TASK DIRECTIONS
Would you reproduce, word for word, only the lines running from the top of the data through the line containing "- š¦ćQuantityćPackage comes", and none of the pictures?

DATA PROVIDED
*** Block opens ***

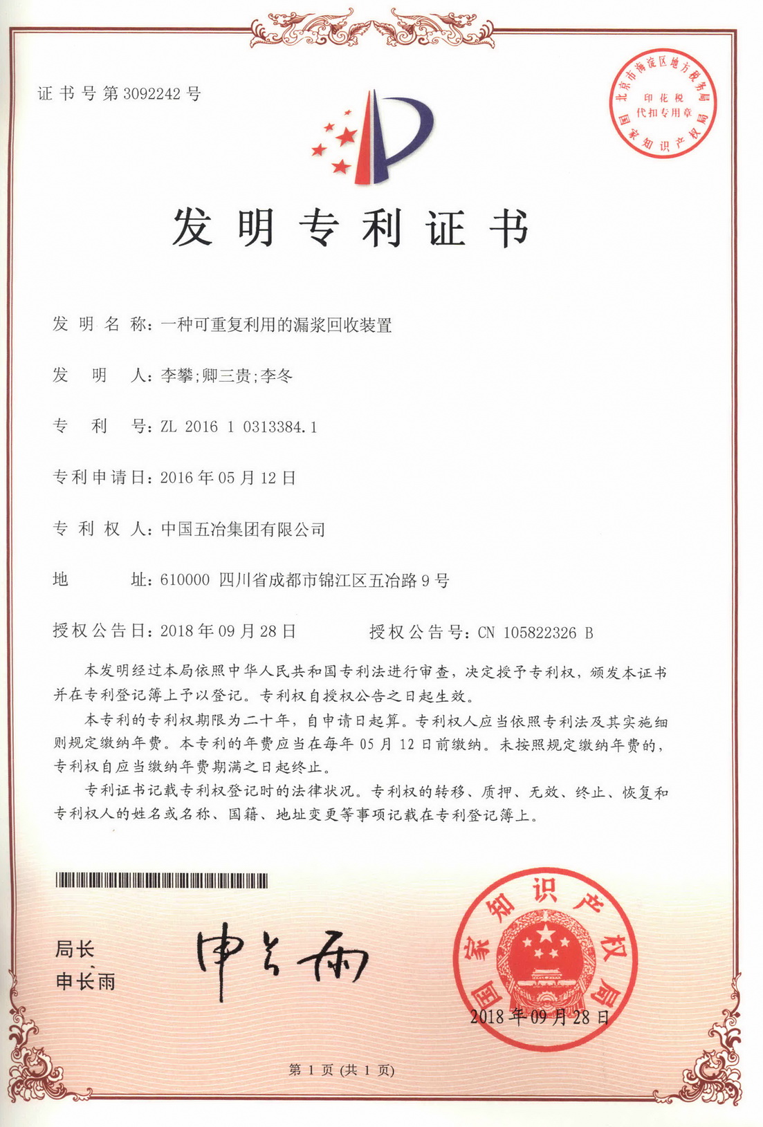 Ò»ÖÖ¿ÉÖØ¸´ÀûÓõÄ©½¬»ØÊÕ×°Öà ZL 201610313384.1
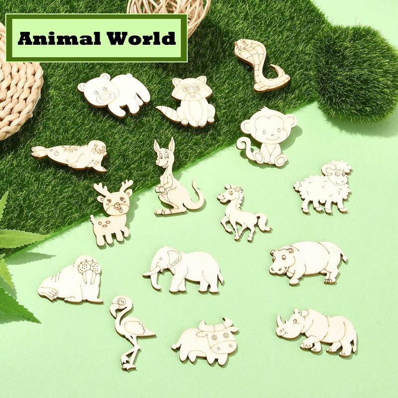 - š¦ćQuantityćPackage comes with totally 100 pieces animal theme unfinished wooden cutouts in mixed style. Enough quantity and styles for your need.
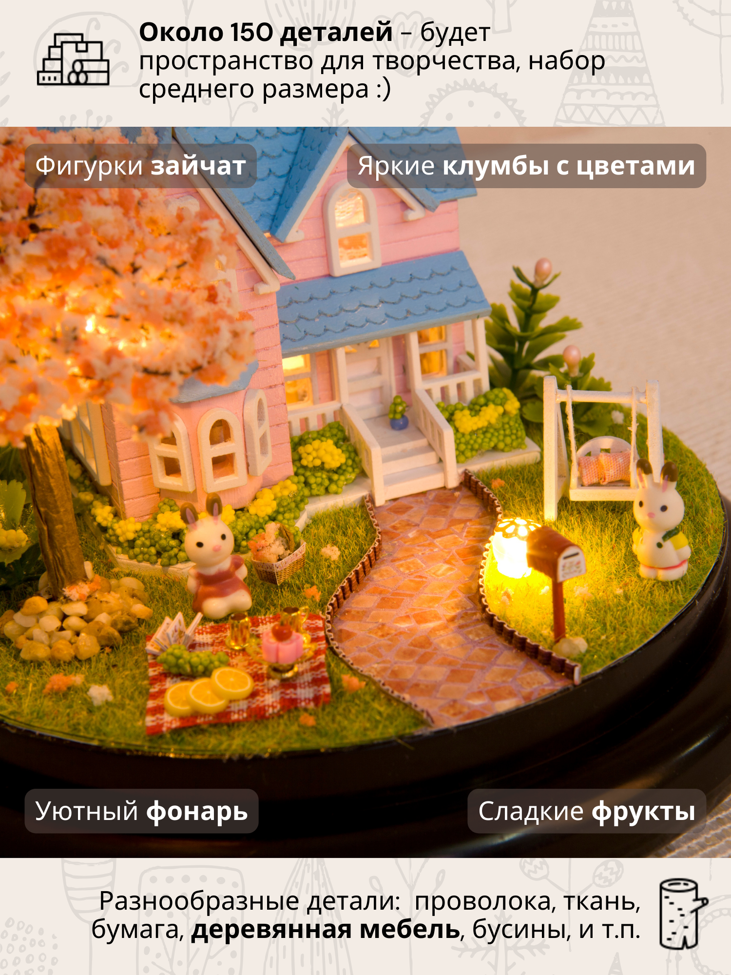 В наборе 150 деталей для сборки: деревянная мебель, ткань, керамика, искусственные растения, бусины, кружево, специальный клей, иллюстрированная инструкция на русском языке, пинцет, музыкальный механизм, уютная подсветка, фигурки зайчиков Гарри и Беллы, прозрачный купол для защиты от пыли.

*** Block closes ***

FINISHED EXERCISE
 Ò»ÖÖ¿ÉÖØ¸´ÀûÓõÄ©½¬»ØÊÕ×°Öà ZL 201610313384.1
 - š¦ćQuantityćPackage comes with totally 100 pieces animal theme unfinished wooden cutouts in mixed style. Enough quantity and styles for your need.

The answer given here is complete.